4. The gait detection method according to claim 1, characterized in that: The specific steps for identifying the distance between the two foot images in step 4) are as follows: First, compare the sizes of the two foot contour images. If the sizes of the two foot images are the same, select the two points with the smallest gray values ​​in the grayscale images of the ball of the foot and the heel. Divide the foot contour image into left and right parts by connecting these two points. Connect the midpoints of the left and right parts. Then, obtain a mirror image of the left foot contour image. Shift the mirror image to the right and shift the right foot contour image up and down so that the midpoint of the line connecting the midpoints of the mirror image and the right foot contour image coincides. Measure the distance between the mirror image and the left foot contour image at this position. This is the distance between the subject's two feet. The purpose of this step is to avoid the problem of incorrect measurement of the distance between the two feet caused by different angles when the subject is standing.

5. The gait detection method according to claim 4, characterized in that: If the images of the two feet are different sizes, the images of the two feet are scaled according to the average pressure of the two feet and the ratio of the pressure of each foot, so that the scaled images of the two feet are the same size. The above steps are used to solve the problem of incorrect measurement of the distance between the two feet caused by different angles when standing.

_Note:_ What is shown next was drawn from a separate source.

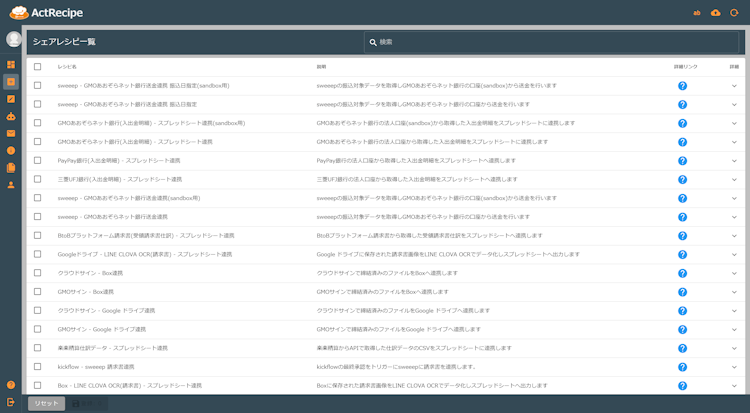 ActRecipe is an iPaaS that allows you to integrate data from SaaS and FinTech services and strengthen internal controls by simply selecting recipes. Consultants create the best recipes, so users do not need to learn tools or share advanced IT knowledge.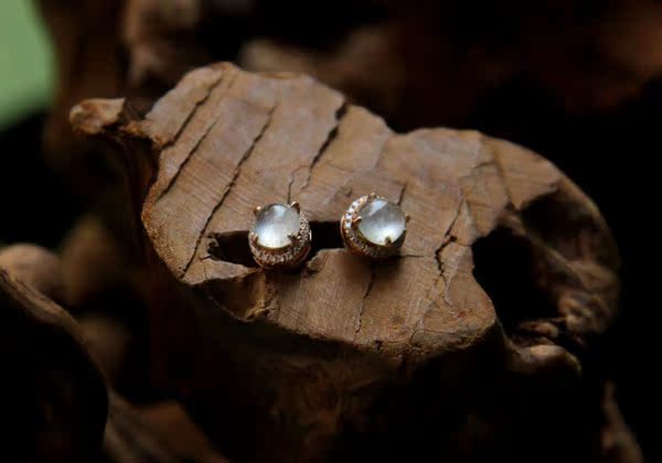 18K玫瑰金钻石雪花白蛋耳钉 2380元

6. The gait detection method according to claim 1, characterized in that: In step 1), foot pressure information is obtained by pressure sensor (2). Pressure sensor (2) is set on foot spacing adjustment device. Foot spacing adjustment device also includes housing (1). A plate that can move left and right is set on housing (1). Pressure sensor (2) is installed on plate. There is a ball screw module driven by motor inside housing (1). The ball screw module is connected to plate. The plate on both sides is moved inward or outward by motor drive, thereby adjusting the distance between the subject's feet.

7. A gait detection device, characterized in that, include: Pressure acquisition module: used to acquire foot pressure information, measure the pressure value of the detection area, and transmit it to the display terminal through current signal; Image comparison module: Used to compare the obtained foot pressure image with a normal foot image to determine whether it is a normal foot; Contour extraction module: used for contour extraction from normal foot pressure images; Distance compensation module: If the detected foot pressure image is judged to be abnormal, the contour image of the subject's foot under normal conditions is determined through the abnormal image; the specific method is as follows: the abnormal condition of the subject's foot is determined by the image recognition method, and the contour of the foot pressure image is extracted. According to the severity of the abnormal condition, the compensation distance of the foot contour image that needs to be compensated is determined, and the position of the subject's foot contour image is adjusted according to the required compensation distance. Spacing adjustment module: It is used to identify the spacing of the foot contour image based on the foot contour image after compensation distance, thereby determining the distance between the test subject's feet, and adjusting the distance between the subject's feet according to the test subject's options.

8. An electronic device, characterized in that, The electronic device includes: At least one processor; and A memory communicatively connected to the at least one processor; wherein, The memory stores a computer program that can be executed by the at least one processor, the computer program being executed by the at least one processor to enable the at least one processor to perform the gait detection method according to any one of claims 1-6.

9. A computer-readable storage medium, characterized in that, The computer-readable storage medium stores computer instructions that cause a processor to execute the gait detection method according to any one of claims 1-6.